About the job
Unifonic operates as a remote-first company in the CPaaS sector, providing communication solutions to over 5,000 businesses. With a team of 500, Unifonic supports clients in building stronger customer connections.
The Engineering team at Unifonic is responsible for designing, building, and maintaining the systems that power the company’s products. Team members collaborate closely with other departments to ensure technology aligns with customer needs. Creativity and new ideas are encouraged across the group.
Role overview
The Senior Site Reliability Engineer joins the Production Operations (Live) team. This role centers on ensuring the reliability, scalability, and resilience of Unifonic’s cloud infrastructure and distributed messaging platforms.
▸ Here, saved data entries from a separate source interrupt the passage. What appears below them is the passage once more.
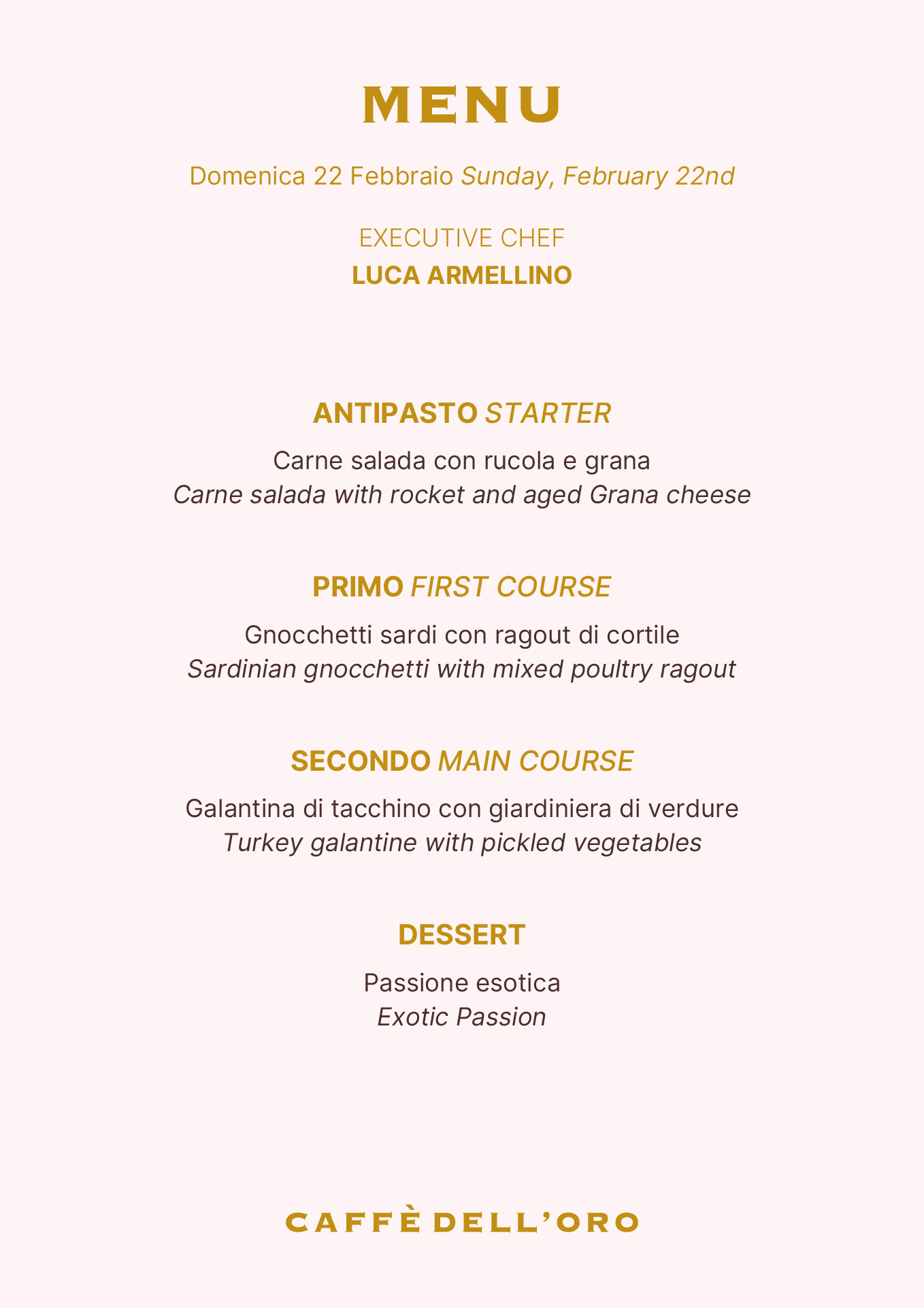 Buona Domenica celebrates the authentic flavours of Italian tradition with a weekly menu created by Executive Chef Luca Armellino.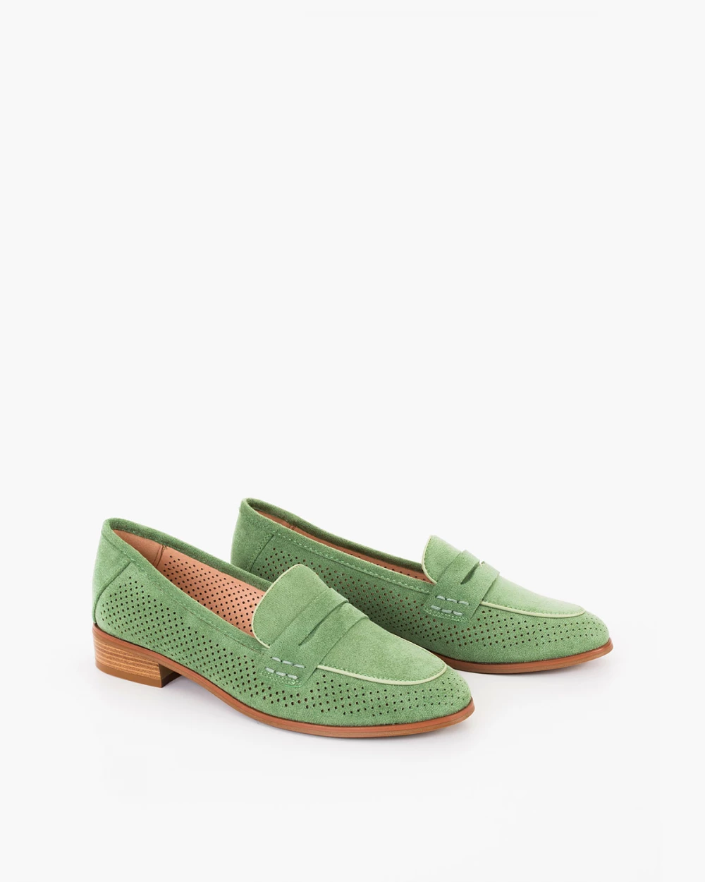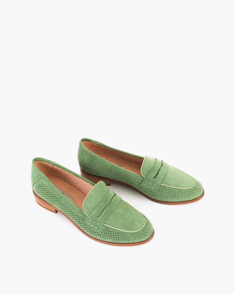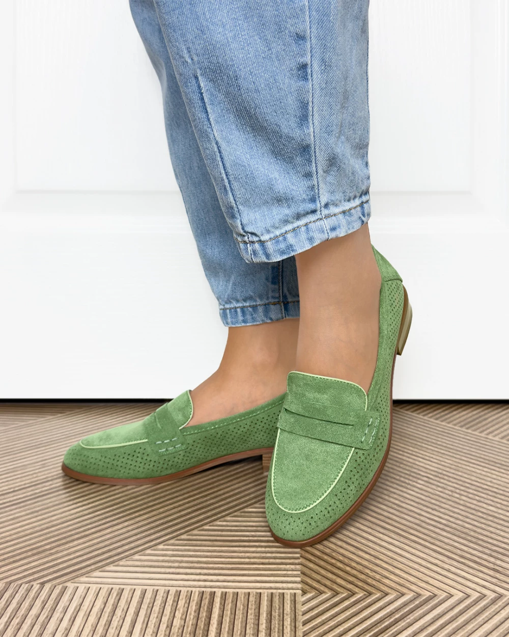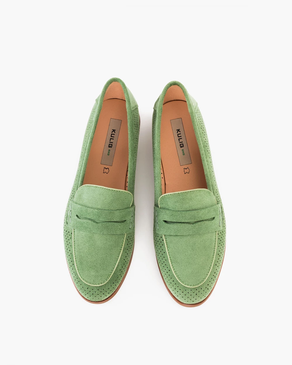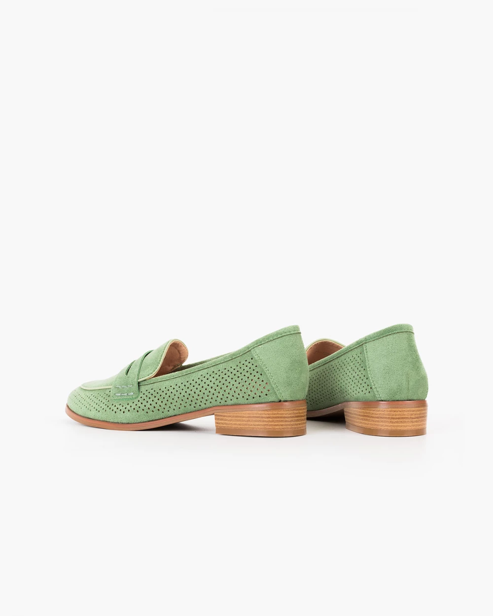Zielone mokasyny damskie ażurowe z eko-zamszu
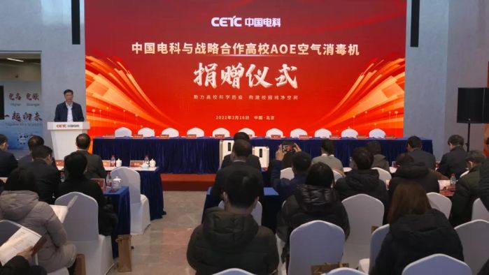 2月16日,中国电科在京举行“助力高校科学防疫 构建校园纯净空间”——AOE空气消毒机捐赠仪式,向清华大学、北京大学、北京航空航天大学、北京邮电大学、北京理工大学等全国十所高校捐赠了最新研制的空气消毒机,助力校园疫情防控。中国电科副总经理何松,国资委、教育部、工信部及上述高校相关领导出席活动。

The SRE team works to keep systems running smoothly at all times and continually seeks ways to improve performance and stability.
What you will do
- Maintain the reliability, uptime, and scalability of key production services around the clock.
- Participate in the on-call rotation, respond to incidents, troubleshoot live production issues, and lead post-incident reviews.
- Create and update operational playbooks and escalation paths to help reduce Mean Time to Detect (MTTD) and Mean Time to Resolve (MTTR).
- Monitor service level objectives (SLOs), conduct chaos testing, plan for capacity, and address reliability risks as they arise.